Because we have found that up-regulation of the AP-1 family protein c-Fos is necessary for TRAIL-induced apoptosis, we examined whether c-Fos levels are up-regulated in the presence of MG-132. We found that c-Fos protein and mRNA levels were increased in the presence of MG-132 alone (Fig. 2B), a condition that does not promote cell death in resistant prostate cancer cells (Fig. 1B and D). However, combination of MG-132 and TRAIL sensitizes prostate cancer cells to undergo cell death while promoting c-Fos levels at the mRNA and protein levels (Fig. 2B). Decrease in c-FLIP(L) and increase in c-Fos protein levels are observed in a time-dependent (Fig. 2C) and dose-dependent (data not shown) manner. Because c-Fos is a well established transcription factor (30–32), we determined whether there is any significant change in nuclear c-Fos levels in the presence of MG-132. We found that nuclear c-Fos, and more specifically phosphorylated nuclear c-Fos, was increased when treated with MG-132 or MG-132 + TRAIL (Fig. 2D). This result shows that MG-132 sensitizes resistant prostate cancer cancers to undergo apoptosis (Fig. 1) by repressing expression of c-FLIP(L) and promoting expression of c-Fos. Similar to our previous results, increased expression of c-Fos in response to MG-132 does not induce cell death; it only primes resistant prostate cancer cells to undergo apoptosis (Figs. 1 and 2).

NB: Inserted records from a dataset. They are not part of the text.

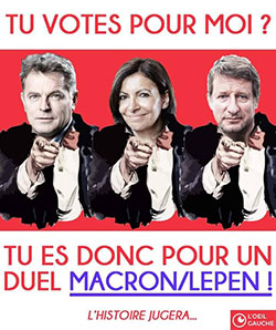 C’est que les messages culpabilisants se multiplient aussi sur les réseaux pour amener les électeurs de gauche à aller dans ce sens. « Tu votes pour moi ? Tu es donc pour un duel Macron/Le Pen », lit-on sur une image abondement partagée pointant expressément à l’index les soutiens de Fabien Roussel (PCF), Anne Hidalgo (PS) et Yannick Jadot (EELV) comme de supposés responsables d'un avenir politique morose pour la France.
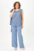 Топ полуприлегающего силуэта. Перед двойной, с вытачками по линии груди. В боковых швах обработаны разрезы. Горловина и проймы окантованы косой бейкой.
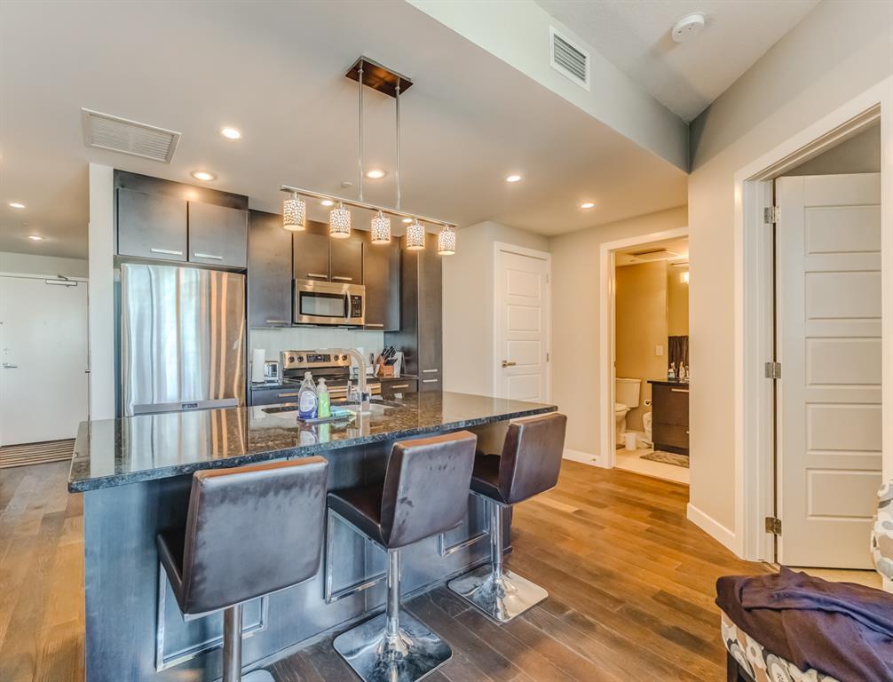 Looking for a stylish, high-end living space in the heart of Calgary? Look no further than this modern one bedroom condo unit in the Keynote 2 condo tower. Located in the heart of downtown Calgary, this location combines a bustling urban lifestyle with convenient access to a range of amenities and services. This unit features stunning city views, high-end finishes, and an open-concept design that maximizes space and natural light. The kitchen is outfitted with stainless steel appliances, granite countertops, and plenty of storage space. The living area is spacious and features large windows that provide plenty of natural light throughout the day. The bedroom is equally impressive, with plenty of closet space and large windows that offer stunning views of the city. The bathroom features sleek and modern finishes. Building amenities include a fitness center, underground parking, and an on-site concierge for added convenience.Whether you're a young professional, a small family or a couple, this stunning condo has everything you need to live in style and comfort in the heart of Calgary. Don't miss out on the opportunity to experience the best of city living in this gorgeous Keynote 2 condo unit. (id:22211)

Combination of TRAIL and MG-132 increases AP-1 activity and decreases c-FLIP(L) promoter activity. Because the combination of MG-132 and TRAIL reduces the expression of c-FLIP(L) and enhances the expression of the AP-1 family member c-Fos (Fig. 2), we wished to determine whether there is any direct interaction between the transcription factor AP-1/c-Fos and the antiapoptotic molecule c-FLIP(L). First, we examined the luciferase AP-1 activity in the resistant PC3-TR cells. We found that MG-132 alone or combination of MG-132 + TRAIL significantly enhanced the AP-1 activity in the resistant PC3-TR cells after 24 h of treatment (Fig. 3A). Enhancement of AP-1 activity was particularly pronounced when MG-132 was combined with TRAIL (Fig. 3A). c-FLIP(L) promoter activity was not significantly changed in the presence of MG-132; however, the combination of MG-132 + TRAIL led to significant reduction of the c-FLIP(L) promoter activity (Fig. 3B). This result, again, suggests that the proteosome inhibitor, MG-132 alone, sensitizes resistant prostate cancer cells to undergo apoptosis by enhancing AP-1 activity, which only in the presence of the proapoptotic agent TRAIL will lead to repression of the c-FLIP(L) antiapoptotic molecule (Fig. 2).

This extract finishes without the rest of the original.